**Material for the task**
——

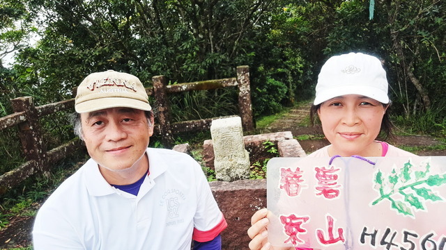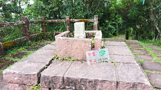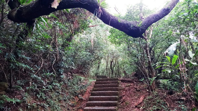 大約一個小時的掙扎,抵達了蕃薯寮山三角點,短短一小時內,爬升了約456公尺的高度。從這裡繼續向前,石階依舊,但被青苔長年侵蝕,使石板變得極為濕滑,讓人不得不避開階梯,改走旁邊的泥土路。這段路也應驗了登山客經驗之談:「千萬不要從大溪端下山」。
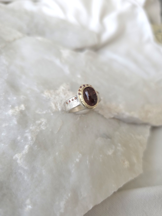 Ανακαλύψτε τη μοναδική γοητεία αυτού του χειροποίητου δαχτυλιδιού από ασήμι 925 και χρυσό Κ14, ένα εξαιρετικό κόσμημα που συνδυάζει τη γήινη ζεστασιά της ροζ-πορτοκαλί τουρμαλίνης με τη διακριτική λάμψη των ζαφειριών. Φτιαγμένο για να μιλάει κατευθείαν στην καρδιά, αυτό το δαχτυλίδι είναι μια ωδή στην ομορφιά της σύνδεσης.
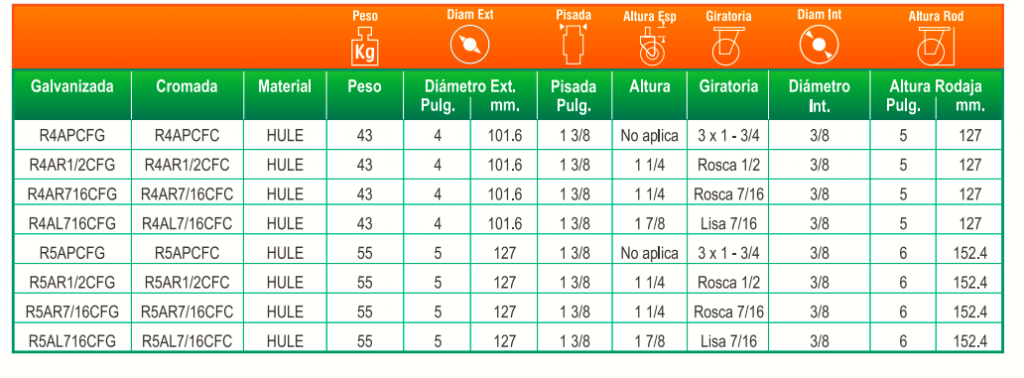 En la tabla a continuación podrás cononcer caracteristicas de las rodajas de autoservicio:
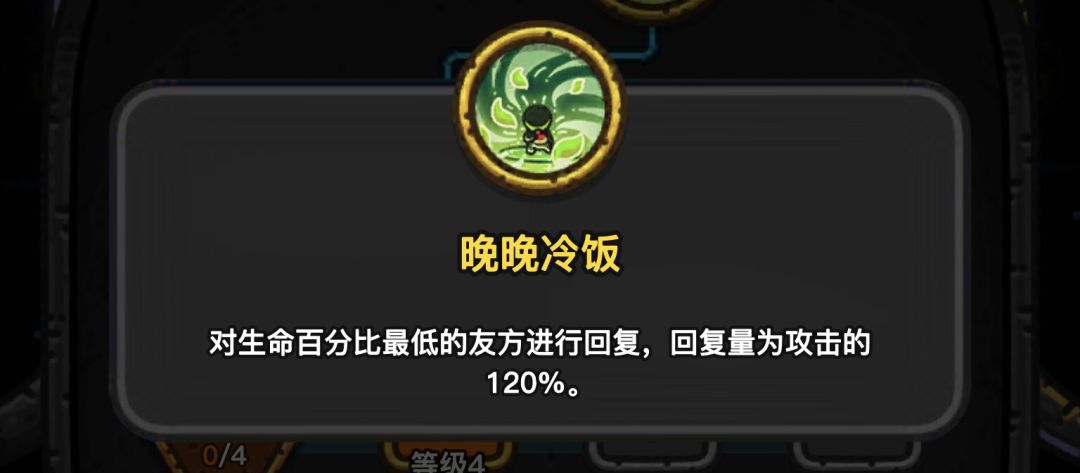 增加技能回复的百分比;给另外一个生命百分比低的队友(经理)回血,回血量是攻击的百分比;回复目标溢出的回复量转变为护甲,护甲可以抵消一部分伤害,护甲上限是攻击的的百分比
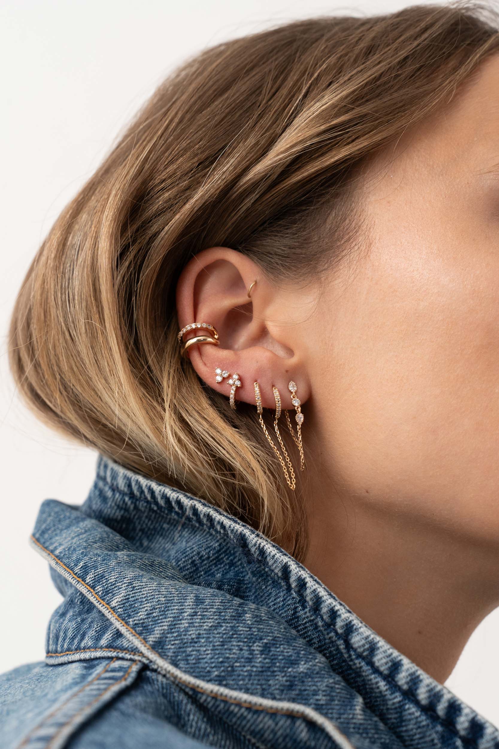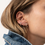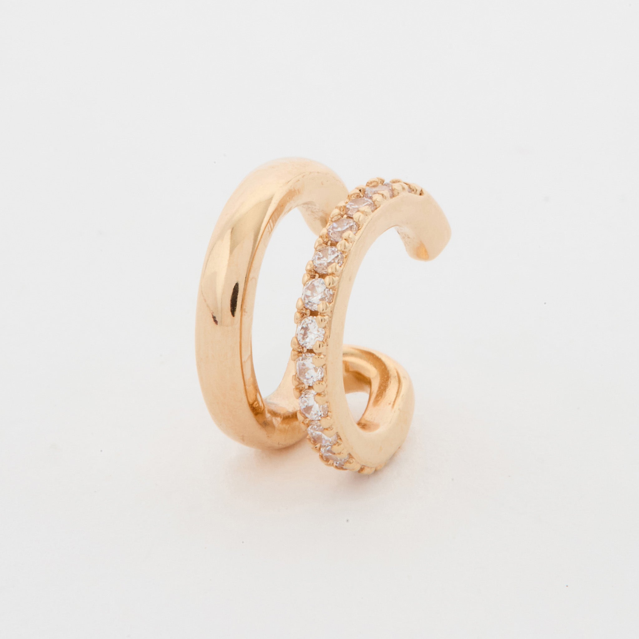 Le earcuff Karine en plaqué or 18 carats au design double anneau combine élégance et modernité. L'un des anneaux est lisse et brillant, l'autre est sertie de zirconiums non teintés créant un contraste raffiné. Cette bague d'oreille est facile à porter et ne nécessite pas de perçage.
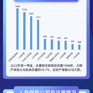 2023年第一季度,众惠相互保险投诉量1900件,占财产保险公司投诉总量的16.7%,居财产保险公司之首。
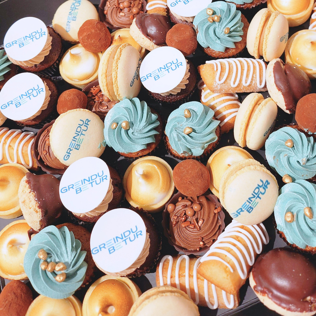 Hér fyrir neðan er hægt að hengja við logo/texta til að setja á makkarónur og minibollakökur. Litaþema er unnið í stíl við vörumerki nema annað sé tekið fram.
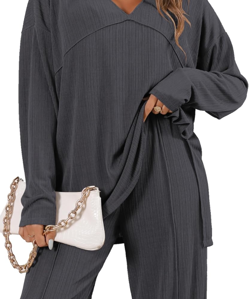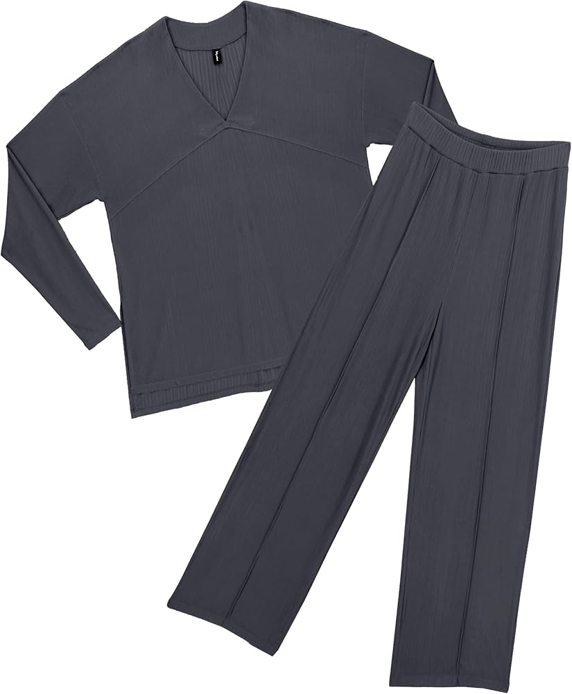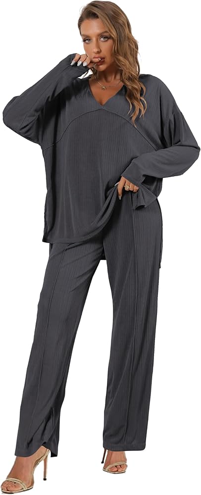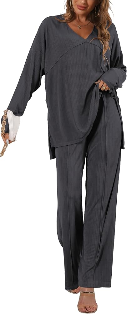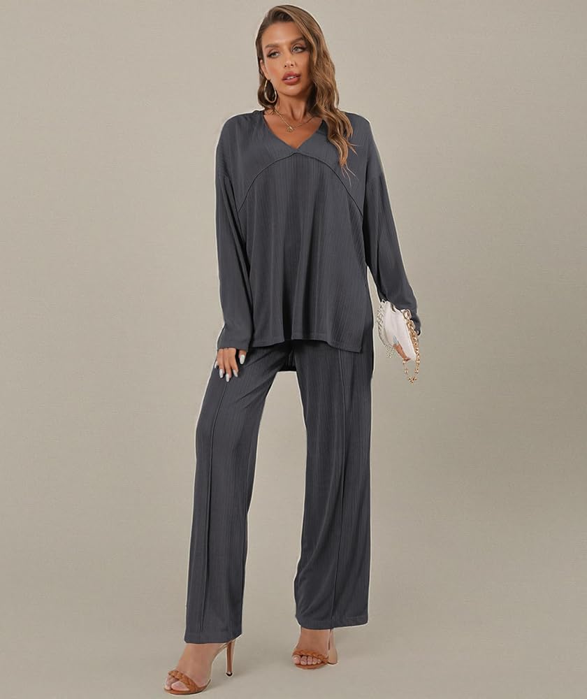Details: Women's ribbed knitted set is paired with an elegant V-neck top, making women's casual tops more refined and highlighting the neckline. Women's elastic waist trousers, wide-leg trousers with a drawstring design at the waist, giving the visual effect of elongating the body.
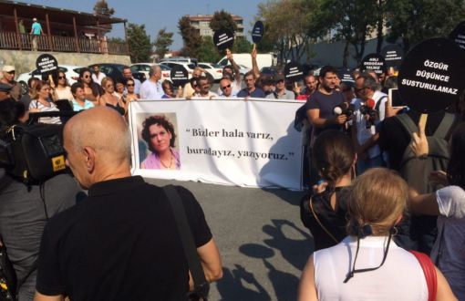 Aslı Erdoğan için buradayız. Bir buçuk ay önce Şebnem Korur Fincancı, Ali Nesin, Erol Önderoğlu için buradaydık. Devir teslim şeklinde geçen bir nöbet halindeyiz. Direnmeye devam ediyoruz. Gerçekleri haberleştirmeye Özgür Gündem’le de Aslı Erdoğan’la da dayanışmaya devam edeceğiz. Yazmaya devam edeceğiz.
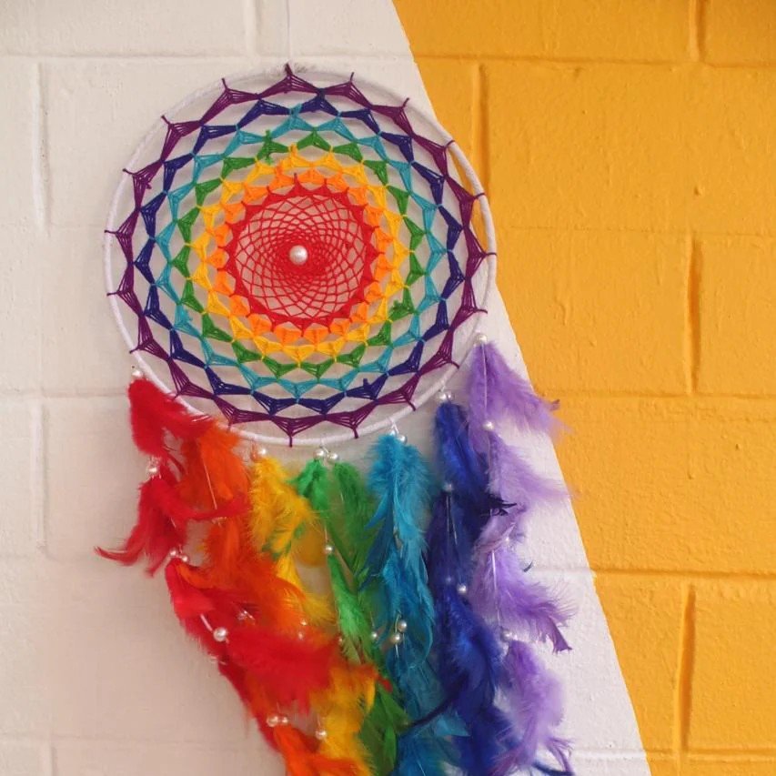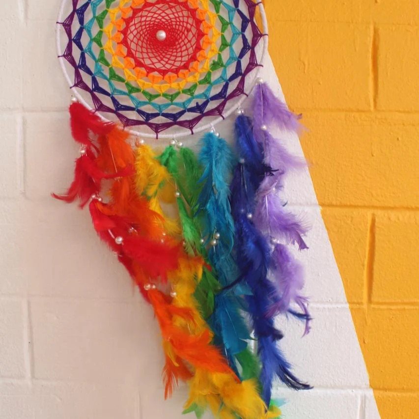 Bring vibrant color and boho charm to your space with the Rainbow Big Dreamcatcher. Crafted with wool, feathers, and threads, this handcrafted piece is designed to brighten any room while adding a touch of artistic elegance. Its multi-color design makes it a perfect centerpiece for bedrooms, living rooms, or even as a thoughtful gift.
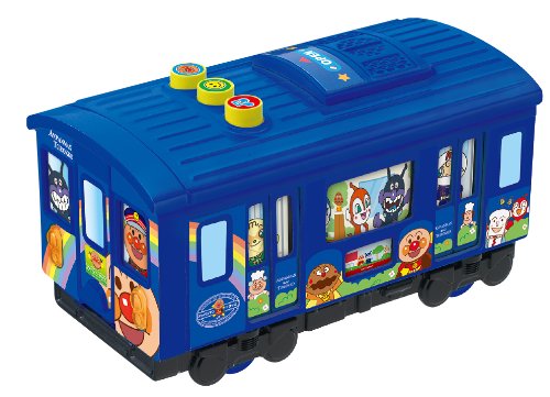 屋根をスライドさせると窓の絵が変わります。ボタンを押すとアンパンマンのマーチやおしゃべりをします。瀬戸大橋を走っているアンパンマントロッコと同じデザインです。
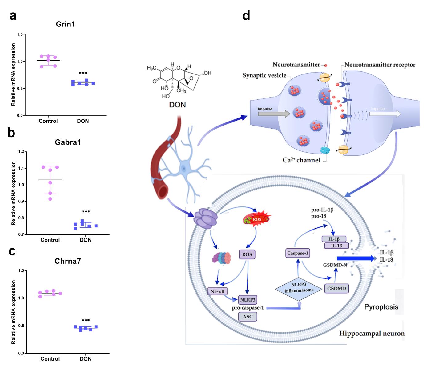 脫氧雪腐鐮刀菌烯醇(DON)是一種廣泛存在于小麥、玉米等谷類作物及飼料中的單端孢霉烯類霉菌毒素。該毒素可通過食物鏈對(duì)人類和動(dòng)物健康造成嚴(yán)重威脅,引發(fā)包括腸道、肝臟及腎臟在內(nèi)的多器官毒性反應(yīng)。值得注意的是,DON能夠直接穿透血腦屏障,干擾神經(jīng)系統(tǒng)的穩(wěn)態(tài)。近年來的研究表明,長(zhǎng)期低劑量暴露于DON等霉菌毒素可能增加罹患神經(jīng)退行性疾病的風(fēng)險(xiǎn)。鑒于神經(jīng)退行性疾病與海馬體區(qū)域的免疫炎癥反應(yīng)密切相關(guān),海馬體可能成為DON誘發(fā)神經(jīng)炎癥的關(guān)鍵靶器官。因此,本研究通過構(gòu)建體外與體內(nèi)實(shí)驗(yàn)?zāi)P停到y(tǒng)探討DON誘導(dǎo)海馬神經(jīng)細(xì)胞焦亡的作用機(jī)制。研究結(jié)果顯示,DON暴露可導(dǎo)致ROS過度生成,激活NF-κB信號(hào)通路,并上調(diào)NLRP3和ASC蛋白的表達(dá)水平,進(jìn)而激活Caspase-1,促進(jìn)炎癥因子IL-1β與IL-18的成熟與釋放,最終引發(fā)焦亡反應(yīng),造成海馬神經(jīng)元損傷。此外,DON顯著干擾了海馬神經(jīng)細(xì)胞中多種神經(jīng)遞質(zhì)的合成與釋放過程。相關(guān)性分析進(jìn)一步表明,這些神經(jīng)遞質(zhì)的變化與阿爾茨海默病的發(fā)生密切相關(guān),提示長(zhǎng)期低劑量DON暴露可能是神經(jīng)退行性疾病發(fā)展的重要風(fēng)險(xiǎn)因素。本研究不僅揭示了DON誘導(dǎo)海馬神經(jīng)細(xì)胞焦亡的分子機(jī)制,還發(fā)現(xiàn)其對(duì)神經(jīng)遞質(zhì)穩(wěn)態(tài)的破壞作用,為深入解析DON的毒理機(jī)制提供了新的研究視角。抑制Caspase-1炎性體的活性,從而緩解DON引發(fā)的神經(jīng)炎癥反應(yīng),可能成為一種具有前景的神經(jīng)保護(hù)策略。
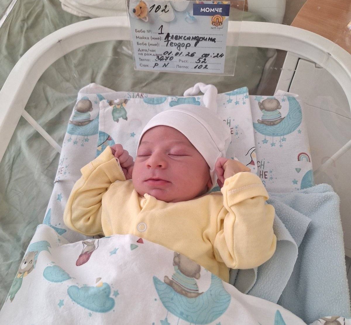Първото бебе за новата година е момче, родено в столичната МБАЛ „Св. София“. Малкият юнак, проплакал точно 24 минути след полунощ, се казва Теодор. Той тежи 3670 грама и е висок 52 сантиметра. Теодор изпревари с 11 минути Боян, който се роди по естествен път в 00:35 часа в „Майчин дом“. Това сочат постъпилите досега данни от АГ болниците в страната. В болница „Шейново“ първото бебе за 2026 г. е родено в 6:15 ч. и е момиче.
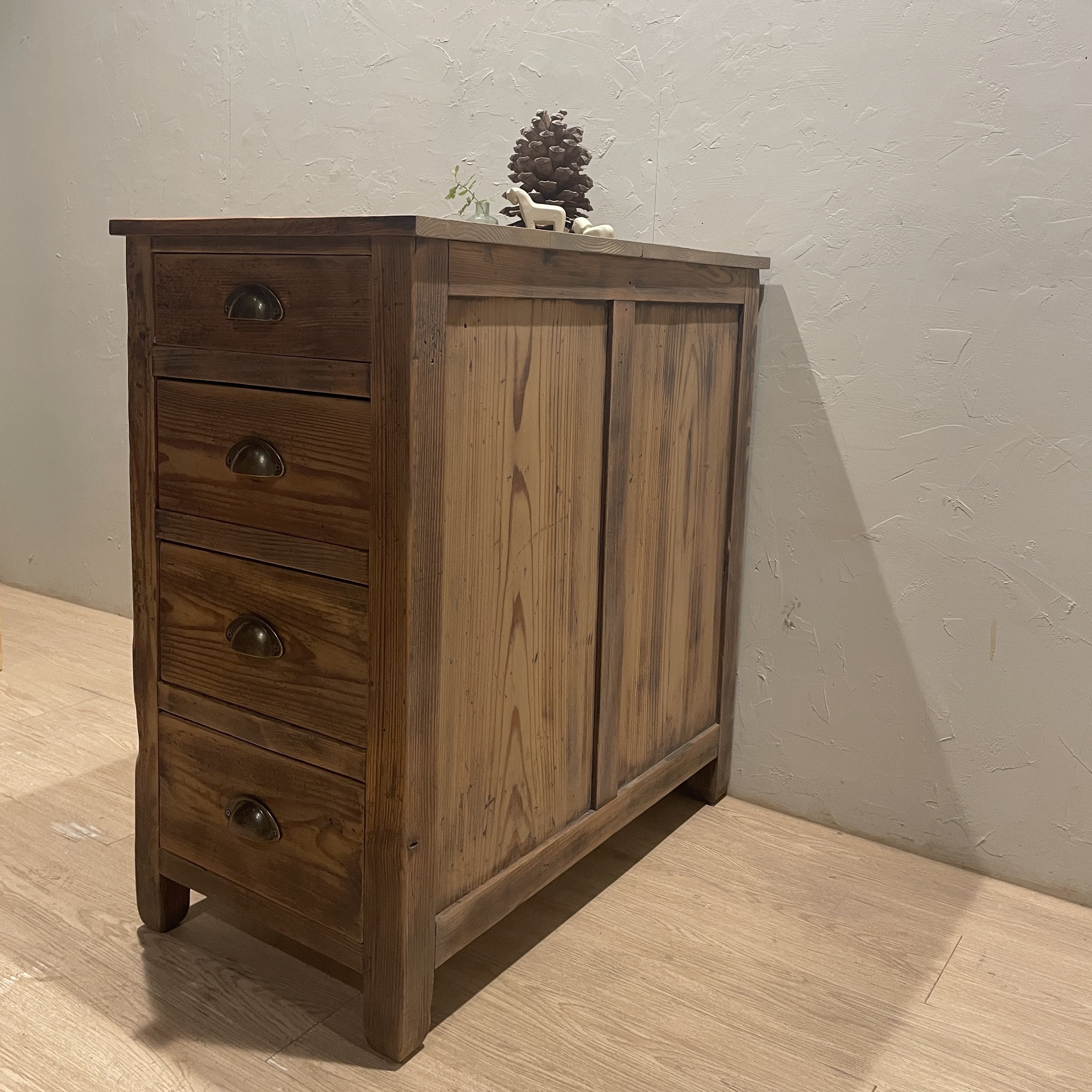 使い込まれた古家具の木肌には細かい傷やシミ、ワレや虫食いなどがあり専用のクリーニング剤で洗浄後、サンドペーパー等使用し磨きますが強度に影響しない部分の風合いは残しています
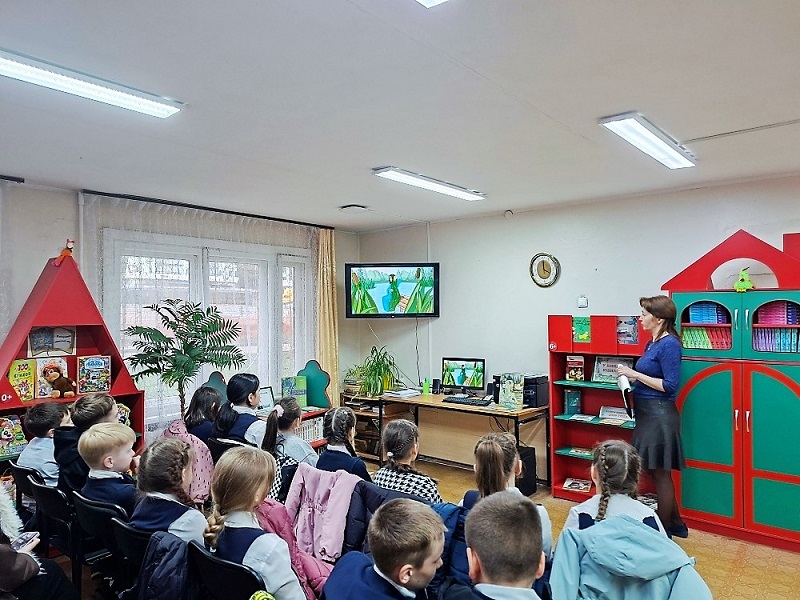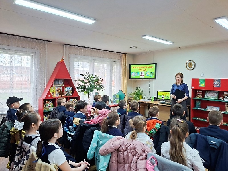 Затем вместе с библиотекарем дети совершили путешествие в сказочный мир Тукая. Они познакомились со сказками, которые занимают особое место в творчестве поэта, такими как «Шурале», «Водяная», «Коза и баран», а также стихотворениями «Мышь, попавшая в молоко» и «Ребёнок и мотылёк», посмотрев мультфильмы студии «Татар-Мульфильм». После просмотра анимации ребята определили их основную мысль и сделали выводы, чему они учат.
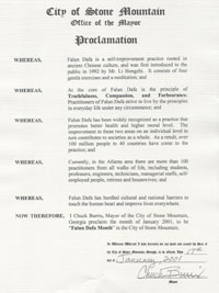 【明慧网2001年1月23日】 乔治亚州石头山市宣布2001年1月为“法轮大法月”
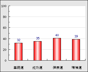 環境運 家庭や職場等での援助運・環境運を司ります。これが良いと配偶者や子供・職場の同僚などから助力が得られやすく、悪いと波乱・不和・孤独などがあります。 39点

——

**The task**
Reproduce the records, all of them, word for word; omit the pictures.

**Task response**
 大約一個小時的掙扎,抵達了蕃薯寮山三角點,短短一小時內,爬升了約456公尺的高度。從這裡繼續向前,石階依舊,但被青苔長年侵蝕,使石板變得極為濕滑,讓人不得不避開階梯,改走旁邊的泥土路。這段路也應驗了登山客經驗之談:「千萬不要從大溪端下山」。
 Ανακαλύψτε τη μοναδική γοητεία αυτού του χειροποίητου δαχτυλιδιού από ασήμι 925 και χρυσό Κ14, ένα εξαιρετικό κόσμημα που συνδυάζει τη γήινη ζεστασιά της ροζ-πορτοκαλί τουρμαλίνης με τη διακριτική λάμψη των ζαφειριών. Φτιαγμένο για να μιλάει κατευθείαν στην καρδιά, αυτό το δαχτυλίδι είναι μια ωδή στην ομορφιά της σύνδεσης.
 En la tabla a continuación podrás cononcer caracteristicas de las rodajas de autoservicio:
 增加技能回复的百分比;给另外一个生命百分比低的队友(经理)回血,回血量是攻击的百分比;回复目标溢出的回复量转变为护甲,护甲可以抵消一部分伤害,护甲上限是攻击的的百分比
 Le earcuff Karine en plaqué or 18 carats au design double anneau combine élégance et modernité. L'un des anneaux est lisse et brillant, l'autre est sertie de zirconiums non teintés créant un contraste raffiné. Cette bague d'oreille est facile à porter et ne nécessite pas de perçage.
 2023年第一季度,众惠相互保险投诉量1900件,占财产保险公司投诉总量的16.7%,居财产保险公司之首。
 Hér fyrir neðan er hægt að hengja við logo/texta til að setja á makkarónur og minibollakökur. Litaþema er unnið í stíl við vörumerki nema annað sé tekið fram.
Details: Women's ribbed knitted set is paired with an elegant V-neck top, making women's casual tops more refined and highlighting the neckline. Women's elastic waist trousers, wide-leg trousers with a drawstring design at the waist, giving the visual effect of elongating the body.
 Aslı Erdoğan için buradayız. Bir buçuk ay önce Şebnem Korur Fincancı, Ali Nesin, Erol Önderoğlu için buradaydık. Devir teslim şeklinde geçen bir nöbet halindeyiz. Direnmeye devam ediyoruz. Gerçekleri haberleştirmeye Özgür Gündem’le de Aslı Erdoğan’la da dayanışmaya devam edeceğiz. Yazmaya devam edeceğiz.
 Bring vibrant color and boho charm to your space with the Rainbow Big Dreamcatcher. Crafted with wool, feathers, and threads, this handcrafted piece is designed to brighten any room while adding a touch of artistic elegance. Its multi-color design makes it a perfect centerpiece for bedrooms, living rooms, or even as a thoughtful gift.
 屋根をスライドさせると窓の絵が変わります。ボタンを押すとアンパンマンのマーチやおしゃべりをします。瀬戸大橋を走っているアンパンマントロッコと同じデザインです。
 脫氧雪腐鐮刀菌烯醇(DON)是一種廣泛存在于小麥、玉米等谷類作物及飼料中的單端孢霉烯類霉菌毒素。該毒素可通過食物鏈對(duì)人類和動(dòng)物健康造成嚴(yán)重威脅,引發(fā)包括腸道、肝臟及腎臟在內(nèi)的多器官毒性反應(yīng)。值得注意的是,DON能夠直接穿透血腦屏障,干擾神經(jīng)系統(tǒng)的穩(wěn)態(tài)。近年來的研究表明,長(zhǎng)期低劑量暴露于DON等霉菌毒素可能增加罹患神經(jīng)退行性疾病的風(fēng)險(xiǎn)。鑒于神經(jīng)退行性疾病與海馬體區(qū)域的免疫炎癥反應(yīng)密切相關(guān),海馬體可能成為DON誘發(fā)神經(jīng)炎癥的關(guān)鍵靶器官。因此,本研究通過構(gòu)建體外與體內(nèi)實(shí)驗(yàn)?zāi)P停到y(tǒng)探討DON誘導(dǎo)海馬神經(jīng)細(xì)胞焦亡的作用機(jī)制。研究結(jié)果顯示,DON暴露可導(dǎo)致ROS過度生成,激活NF-κB信號(hào)通路,并上調(diào)NLRP3和ASC蛋白的表達(dá)水平,進(jìn)而激活Caspase-1,促進(jìn)炎癥因子IL-1β與IL-18的成熟與釋放,最終引發(fā)焦亡反應(yīng),造成海馬神經(jīng)元損傷。此外,DON顯著干擾了海馬神經(jīng)細(xì)胞中多種神經(jīng)遞質(zhì)的合成與釋放過程。相關(guān)性分析進(jìn)一步表明,這些神經(jīng)遞質(zhì)的變化與阿爾茨海默病的發(fā)生密切相關(guān),提示長(zhǎng)期低劑量DON暴露可能是神經(jīng)退行性疾病發(fā)展的重要風(fēng)險(xiǎn)因素。本研究不僅揭示了DON誘導(dǎo)海馬神經(jīng)細(xì)胞焦亡的分子機(jī)制,還發(fā)現(xiàn)其對(duì)神經(jīng)遞質(zhì)穩(wěn)態(tài)的破壞作用,為深入解析DON的毒理機(jī)制提供了新的研究視角。抑制Caspase-1炎性體的活性,從而緩解DON引發(fā)的神經(jīng)炎癥反應(yīng),可能成為一種具有前景的神經(jīng)保護(hù)策略。
Първото бебе за новата година е момче, родено в столичната МБАЛ „Св. София“. Малкият юнак, проплакал точно 24 минути след полунощ, се казва Теодор. Той тежи 3670 грама и е висок 52 сантиметра. Теодор изпревари с 11 минути Боян, който се роди по естествен път в 00:35 часа в „Майчин дом“. Това сочат постъпилите досега данни от АГ болниците в страната. В болница „Шейново“ първото бебе за 2026 г. е родено в 6:15 ч. и е момиче.
 使い込まれた古家具の木肌には細かい傷やシミ、ワレや虫食いなどがあり専用のクリーニング剤で洗浄後、サンドペーパー等使用し磨きますが強度に影響しない部分の風合いは残しています
 Затем вместе с библиотекарем дети совершили путешествие в сказочный мир Тукая. Они познакомились со сказками, которые занимают особое место в творчестве поэта, такими как «Шурале», «Водяная», «Коза и баран», а также стихотворениями «Мышь, попавшая в молоко» и «Ребёнок и мотылёк», посмотрев мультфильмы студии «Татар-Мульфильм». После просмотра анимации ребята определили их основную мысль и сделали выводы, чему они учат.
 【明慧网2001年1月23日】 乔治亚州石头山市宣布2001年1月为“法轮大法月”
 環境運 家庭や職場等での援助運・環境運を司ります。これが良いと配偶者や子供・職場の同僚などから助力が得られやすく、悪いと波乱・不和・孤独などがあります。 39点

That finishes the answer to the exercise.